Nella gelida notte berlinese il problema tedesco era parso il ritorno dei liberali, l'impazienza se non il protagonismo del suo leader giovane e un po' arrivista. Ma, in realtà, se la politica in Germania ne ha uno, quel problema oggi si chiama Angela Merkel. Ha detto che ora non si dimette, "al paese serve stabilità". E dunque sembrano assai più vicine le nuove elezioni, le preferisce al governo di minoranza e ora la parola tocca al presidente.
La fuoriclasse della Cdu, leader dell'Europa e "del mondo occidentale", è alle prese con una particolare forma di nemesi, che le dà certamente da riflettere: tutti, adesso, hanno il terrore di governare con lei. Per questo motivo è saltato ieri il tavolo 'giamaica', che ha visto tirarsi indietro i teoricamente affini liberali di Christian Lindner (il partito traumatizzato, che governando con la Bundeskanzlerin finì fuori dal Parlamento nel 2013).
E sempre per lo stesso motivo l'Spd ha negato ancora una volta l'ipotesi di una Grosse Koalition: "Non siamo a disposizione", ha ribadito Martin Schulz, che ha perso la faccia con il crollo alle urne del 24 settembre. Loro con la cancelliera non hanno solo governato, hanno messo paletti, vinto battaglie, eppure non vi è stata traccia di riconoscenza dagli elettori. Merkel si è affidata al presidente della Repubblica, incontrato a Bellevue, per riferire l'andamento dei colloqui esplorativi clamorosamente naufragati a pochi minuti dalla mezzanotte, quando il capo dei liberali ha portato via il suo partito, affermando che mancava la "fiducia" reciproca.

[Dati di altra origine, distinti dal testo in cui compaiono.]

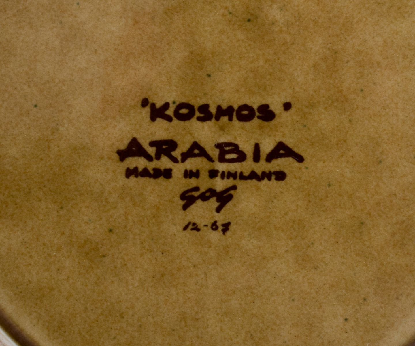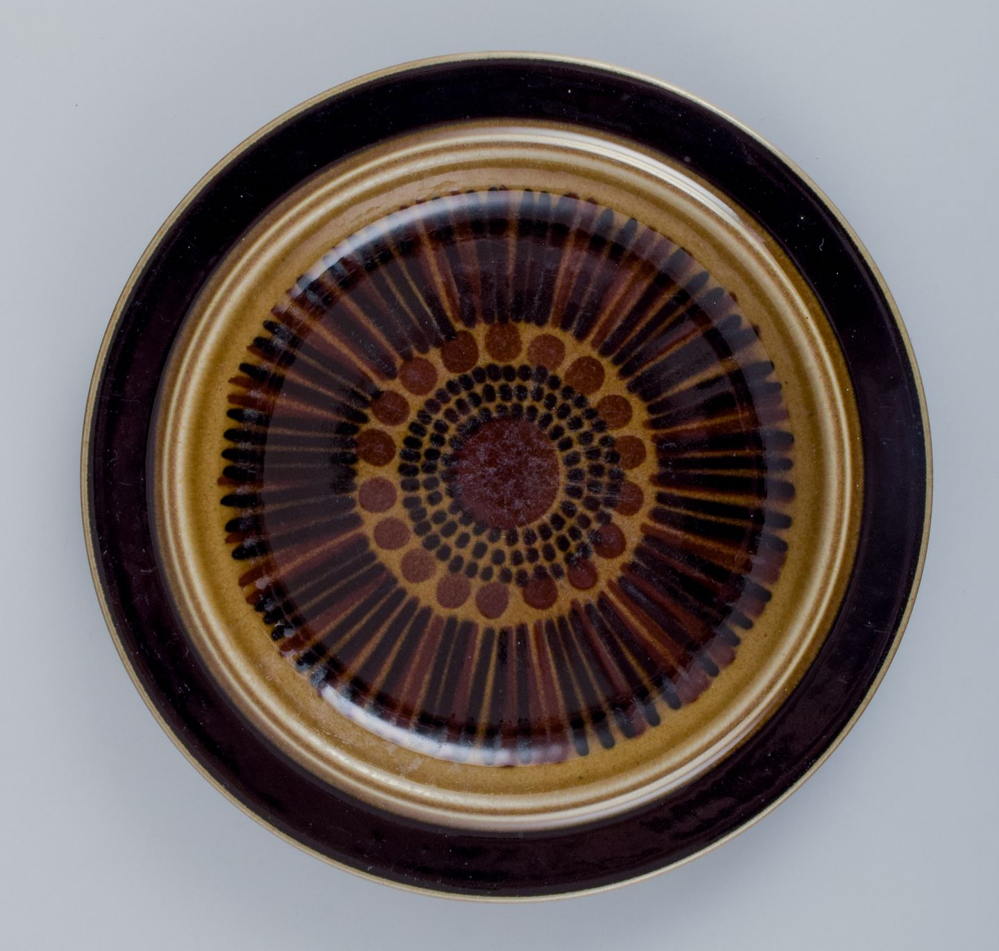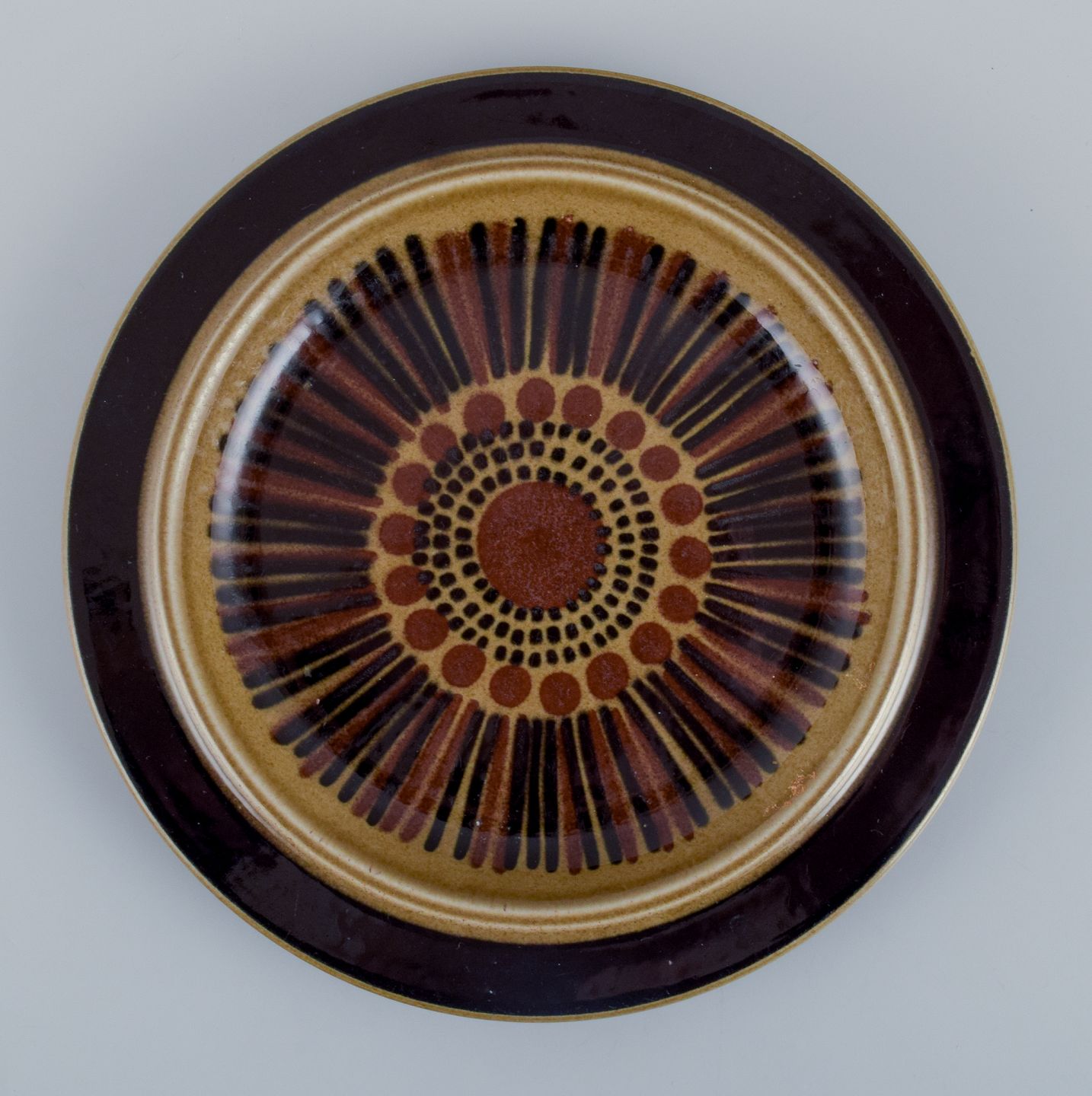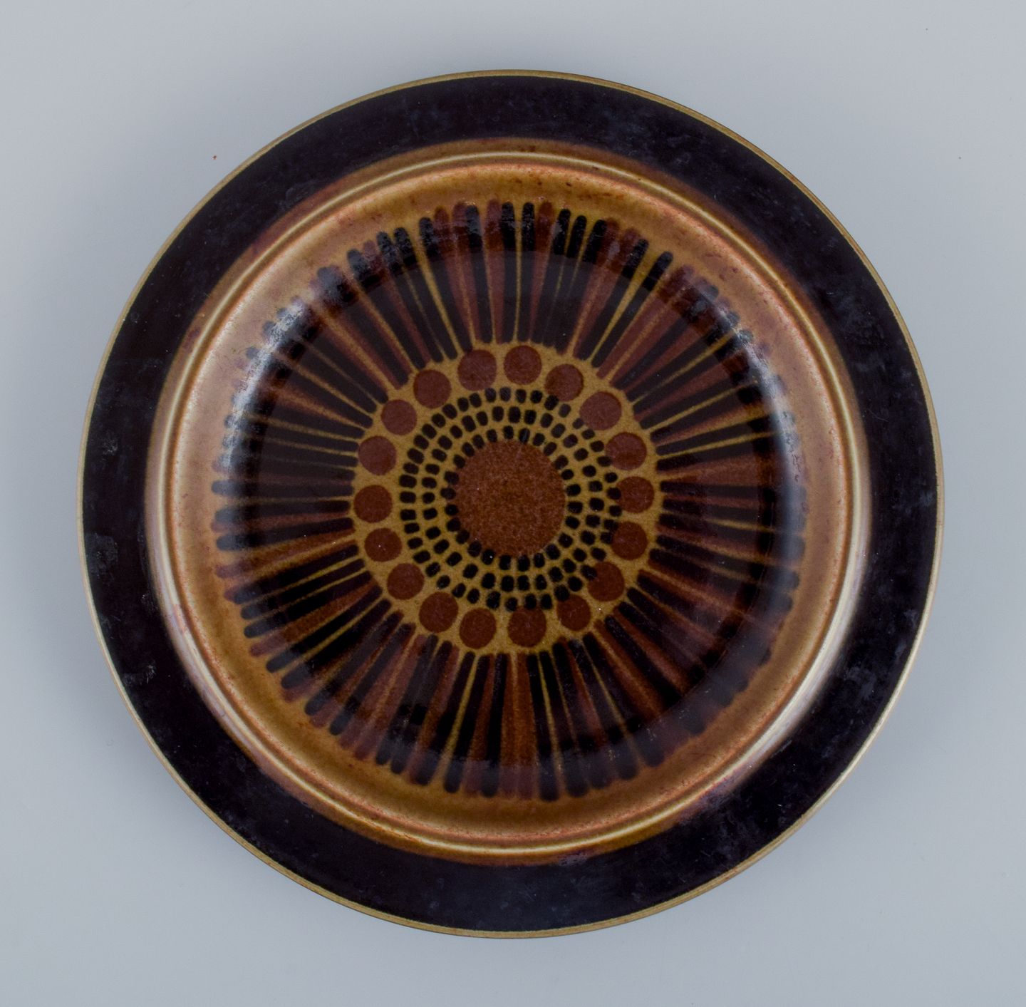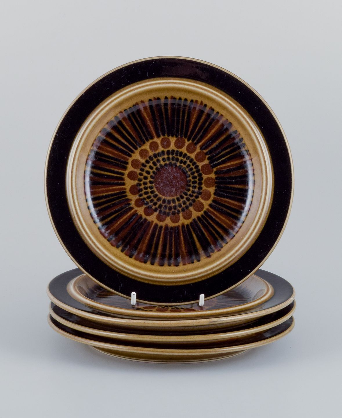Gunvor Olin-Grönqvist for Arabia. ”Cosmos”, et sæt på fire frokosttallerkner i stentøj. Stentøj i retrostil. Glasur i grønbrune toner.
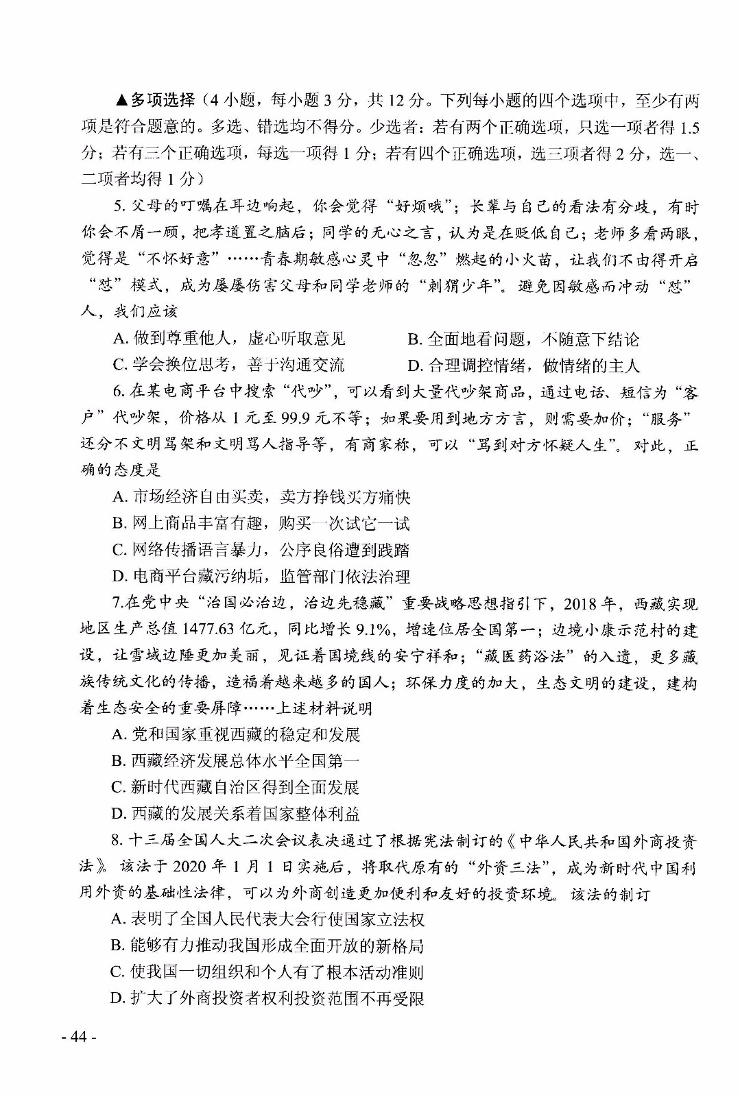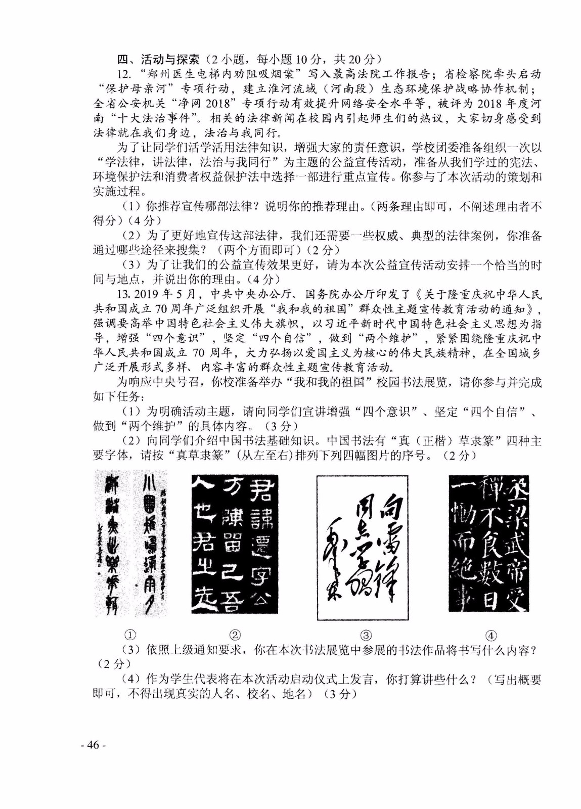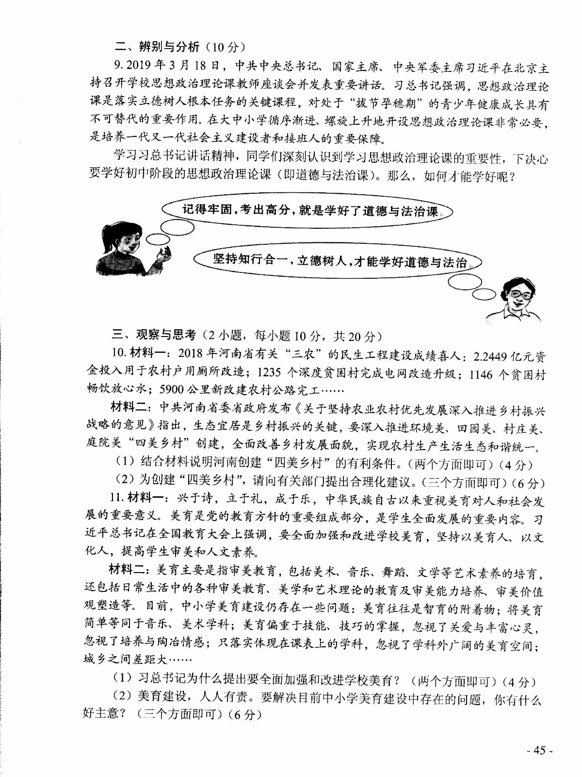 2019年河南信陽中考政治科目考試現(xiàn)已結(jié)束,為方便考生及時估分,中考頻道在本次考試結(jié)束后發(fā)布了“2019年河南信陽中考政治試卷”僅供考生參考學習,在此預(yù)祝廣大考生取得優(yōu)異的成績,請繼續(xù)關(guān)注我們!

E Frank-Walter Steinmeier ha rivolto un monito severo a tutti: "Chi si candida per assumere la responsabilità politica, non può tirarsi indietro quando ce l'ha nelle mani. Non si può semplicemente rimandare indietro la responsabilità ai cittadini". In Europa si guarderebbe "con grande preoccupazione al paese più forte economicamente se le forze politiche non fossero in grado di prendersi le loro responsabilità". Ce l'aveva con tutti, e ha annunciato colloqui coi leader della 'giamaica', ma anche con gli altri, che hanno possibili convergenze di programma (la sua Spd). Che la moral suasion dell'ex capo della diplomazia possa far tornare indietro Schulz - accomodatosi all'opposizione dalla sera delle elezioni - è tutto da vedere. Dietro l'ex candidato c'è ancora tutta la vecchia guardia, che non ha apprezzato la corsa verso la panchina. Un governo di minoranza sembra, invece, non volerlo nessuno: la stessa Merkel, alla Zdf, ha affermato di preferire il voto a questa opzione. Intanto oggi la cancelliera è apparsa più debole, e sola, che mai. Spd e Linke non hanno usato giri di parole: "Ha fallito".
E i populisti di destra di Afd le hanno indicato la porta: "E' tempo che vada". Nell'Unione ha il sostegno di Horst Seehofer, che ne appoggerebbe la ricandidatura. Ma il presidente della Csu bavarese potrebbe avere i giorni contati politicamente. Lindner, che si è giocato la credibilità fra i partiti con un colpo di spugna, ha provato a spiegare: "Non è stata una decisione presa alla leggera. Non abbiamo tradito i nostri elettori e le nostre idee. Non c'era un progetto comune". A quanto trapela quello che sarebbe mancato è qualcosa in cui i liberali potessero rispecchiarsi: la Fdp non si sarebbe riconosciuta in una trattativa zeppa di dettagli, in cui Merkel era troppo concentrata ad assecondare Verdi e Csu.
"Due settimane fa glielo aveva detto che se fosse andata avanti così la cosa, per i liberali non poteva andare", dice una fonte all'ANSA. La crisi tedesca mette in angoscia l'economia - la Germania ha perso la partita sull'Eba, l'agenzia sulle banche andata a Parigi - e i vicini europei, che temono lo stallo, o peggio la destabilizzazione. Spiegel riferisce però del consiglio del premier olandese, che ha dovuto rinviare la bilaterale in cancelleria. Mark Rutte sconsiglia di tornare la voto e invita a non seppellire il progetto della coalizione giamaica. Facendo passare un po' di tempo, potrebbe ancora funzionare, come dimostra la sua esperienza.